CREATE TABLE table_name AS
SELECT json_string:id AS id,
PARSE_JSON(json_string) variant_column
FROM source_data
Note
Databricks recommends extracting and storing fields as non-variant columns that you plan to use to accelerate queries and optimize storage layout.
VARIANT
columns cannot be used for clustering keys, partitions, or Z-order keys. The VARIANT
data type cannot be used for comparisons, grouping, ordering, and set operations. For a full list of limitations, see Limitations.
Insert data using parse_json
If the target table already contains a column encoded as VARIANT
, you can use parse_json
to insert JSON string records as VARIANT
, as in the following example:
SQL
INSERT INTO table_name (variant_column)
SELECT PARSE_JSON(json_string)
FROM source_data
Python
from pyspark.sql.functions import col, parse_json
(spark.read
.table("source_data")
.select(parse_json(col("json_string")))
.write
.mode("append")
.saveAsTable("table_name")
)
Ingest data from cloud object storage as variant
In Databricks Runtime 15.3 and above, you can use Auto Loader to load all data from JSON sources as a single VARIANT
column in a target table. Because VARIANT
is flexible to schema and type changes and maintains case sensitivity and NULL
values present in the data source, this pattern is robust to most ingestion scenarios with the following caveats:
- Malformed JSON records cannot be encoded using
VARIANT
type. VARIANT
type can only hold records up to 16mb in size.
Note
Variant treats overly large records records similar to corrupt records. In the default PERMISSIVE
processing mode, overly large records are captured in the _malformed_data
column alongside malformed JSON records.
Because all data from the JSON source is recorded as a single VARIANT
column, no schema evolution occurs during ingestion and rescuedDataColumn
is not supported. The following example assumes that the target table already exists with a single VARIANT
column.
(spark.readStream
.format("cloudFiles")
.option("cloudFiles.format", "json")
.option("singleVariantColumn", "variant_column")

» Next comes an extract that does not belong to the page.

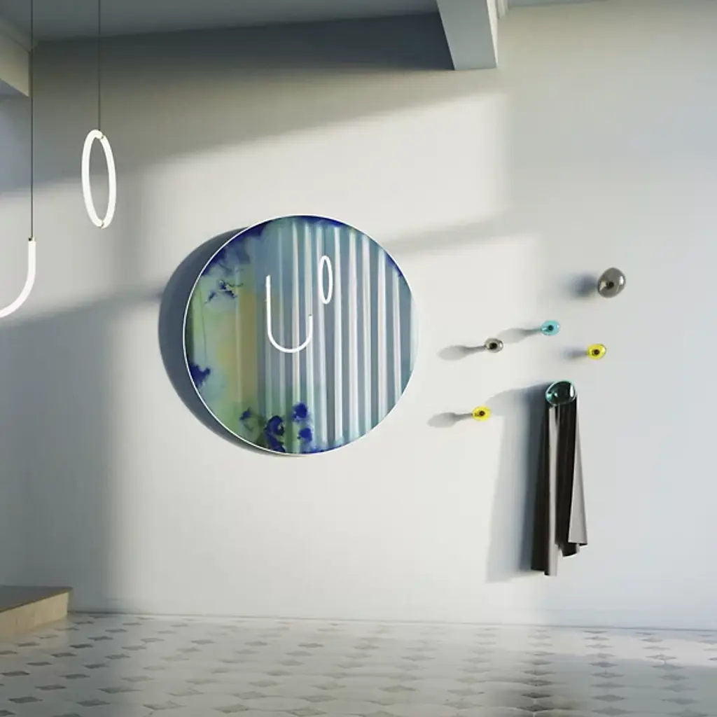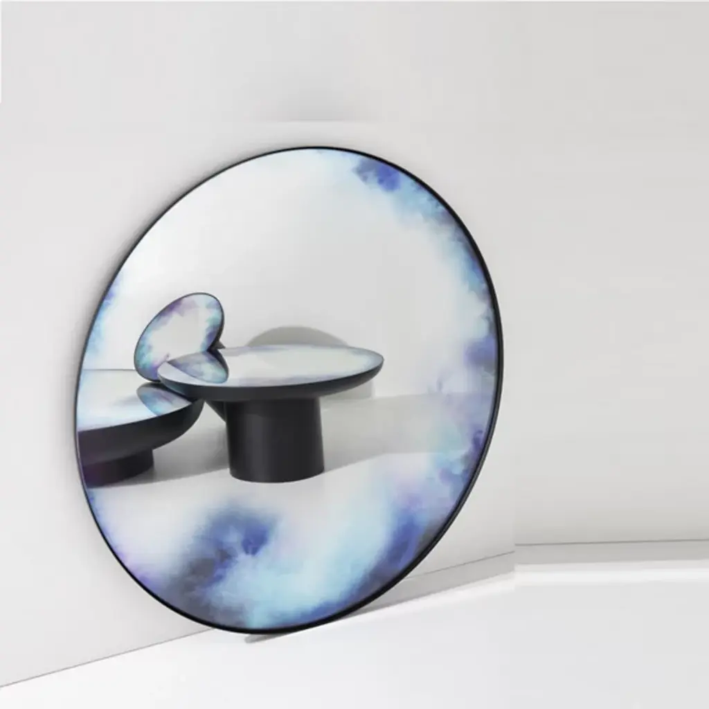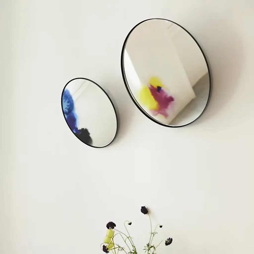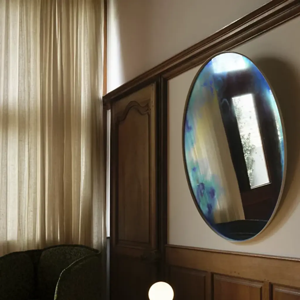 The Francis Mirror by Petite Friture is a functional work of art from Parisian designer Constance Guisset. Inspired by a visit to a painter’s studio, this designer was captivated by the beauty of moving pigments swirling off of a paintbrush dipped into water. Each mirror pattern is hand-painted and digitally altered to achieve a semi-transparent, multi-layer, and tinted aesthetic. Evocative of old Venetian mirrors, both the distinctive color haze and slightly convex back, allow this piece to create a dreamy scape with a great sense of perspective.

.load("/Volumes/catalog_name/schema_name/volume_name/path")
.writeStream
.option("checkpointLocation", checkpoint_path)
.toTable("table_name")
)
You can also specify VARIANT
when defining a schema or passing schemaHints
. The data in the referenced source field must contain a valid JSON string. The following examples demonstrate this syntax:
# Define the schema.
# Writes the columns `name` as a string and `address` as variant.
(spark.readStream.format("cloudFiles")
.option("cloudFiles.format", "json")
.schema("name STRING, address VARIANT")
.load("/Volumes/catalog_name/schema_name/volume_name/path")
.writeStream
.option("checkpointLocation", checkpoint_path)
.toTable("table_name")
)
# Define the schema.
# A single field `payload` containing JSON data is written as variant.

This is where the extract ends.